We were delighted to hear a loon echo through the silence. It seems like a long time since we have heard the distinctive call of this beautiful bird. Ken called back ... it seemed to be answered. But the loon decided that we were suspicious characters; dived and was gone. 

Ken decided to have some fun with the dinghy and did a speed test using the GPS. He attained a top speed of 13 knots and came back with a big smile on his face. Not bad for an 11 foot dinghy with a 6 hp Yamaha. After a leisurely lunch we decided to move along to another location which will provide better protection in the forecasted gales starting tonight or tomorrow from the south.

We motor through lovely scenery for an hour and enter St Georges Bay.

We are almost to the end of the bay when Ken spots what appears to be a small bay of water separated from the larger bay by a low grassy bank on the west shore. It is protected on the east, north and west by land and on the south by the low bank. Looks like a good place to be in a gale. As we motor closer, we are incredulous to see a sturdy dock with even a bench to sit on. There is a large weathered sailboat up on a wooden cradle sitting on shore close to the dock. Is the water deep enough?  It was too good to be true...as we cautiously drifted into the dock we had about two feet of water below our keel. This was fine as there is little tide in this part of the Bras D'or lakes.

We tie up, pleased to have found such a protected place when we needed one. Chelsey is on the dock and ashore in short order. We are also delighted to walk ashore, sit on the bench and just enjoy the view. We take a bunch of pictures. The boat sits quietly at dock. As night falls, the temperature plummets to 8 degrees, so Ken starts the engine to warm up the boat. An early night.

Thursday, September 29, 2005

St Georges Bay, Bras D'Or Lakes, Cape Breton, Nova Scotia

It is very cold this morning and the motor goes on to quickly warm us up.  The ceiling in the forepeak has a lot of condensation that dripped down onto the V berth. Ken chose to sleep in the main cabin and didn't have to contend with that problem. The sun is shining, but the forecast is for strong winds today and gale force winds overnight. We will certainly stay where we are. The wind builds and by noon is blowing 20 to 22 knots.

Ken spends part of the morning editing this journal, as usual. The computer gets handed back and forth, as each of us add bits and pieces before it's a print. After lunch, Chelsey and I go for a walk up a rugged road nearby and I see some deer tracks. The road ends at a wooden gate where the road ends at a road running across it.  

We follow this to a cluster of pretty cottages complete with flower beds and lawns. They sit on a high bluff looking out over the wind blown water. White foam crests the small navy blue waves as the wind whips up the water. Back at the boat, I spend the afternoon working on this journal. Later, Ken also takes Chelsey for the same walk. The wind continues to blow about 16 knots, but the gusts are up to 26 knots. The weather forecast continues to talk about gale force winds and in some areas...storm force...45-55 knots. We can't find a forecast for the inland waters of the Bras D'Ors but expect the wind to possibly get up to 40 knots in here. We are tied securely and should be OK. The surround continues to be steady and strong in the gusts.

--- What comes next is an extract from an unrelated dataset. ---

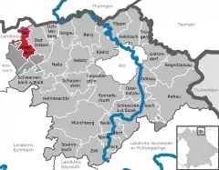 Se encuentra ubicado al norte del estado, en la región de Alta Franconia, a poca distancia de la frontera con los estado de Turingia y Sajonia.

Ken has lit the diesel Force 10 cabin heater which has been pretty finicky. After supper, Ken plays some of our favourite CD's which largely drown out the whining wind and the wind generators' resulting roar. We sing along and I am up dancing to some of the fast pieces. We make up the bed in the salon to be warm.  Ken falls asleep as I let the music continue to drown out the noisy night.  Eventually he asks me to turn it off and I do. But now the strong gusts of wind can be heard and felt as the boat shudders.

I worry that the two hefty lines holding the dock to the shore may be weakened by the elements and might let go. I lay there tense and unable to go to sleep. I head back to the V berth and read. By 2:00 am I am taking some gravol to help me sleep.  Eventually, I climb in with Ken and fall asleep as the wind blows strongly outside.

Friday, September 30, 2005

St Georges Bay, Bras D'Or Lakes, Cape Breton, Nova Scotia

We awaken this morning to calm waters and clearing skies. After taking Chelsey ashore for her usual 6:00 am visit, with food and needle to follow,  I fall back into bed to catch up on some sleep. By 10:00 I am up and we quietly pull away from this lovely little refuge. As we pulled out of the cape, we found wind blowing 15 - 20 knots right on the nose. We motored for a couple of hours to the Crammond Islands where we found a good sheltered anchorage in the lee of one of the islands.

We took Chelsey to shore, to a low sandy spit with a small pool of water in the middle. Ken and Chelsey enjoyed a run down the beach, while I searched for shells. As we relaxed on the beach, Ken decided that he would build a fire. Soon we were scavenging for small twigs and kindling. I sacrificed the piece of birch bark I had picked up to add to my store of natural items I've been picking up as keepsakes. The wind kept blowing the little flames out. We made wind barriers using large wood and Ken persevered, and after many tries, had the fire going. He slowly built up the size of the wood until we had a good blaze that nicely offset the rather chilly wind. There is something so peaceful about watching the flames and smelling the wood smoke.  But after a while, the sun is going down and we must leave, so we ensure that the fire is out.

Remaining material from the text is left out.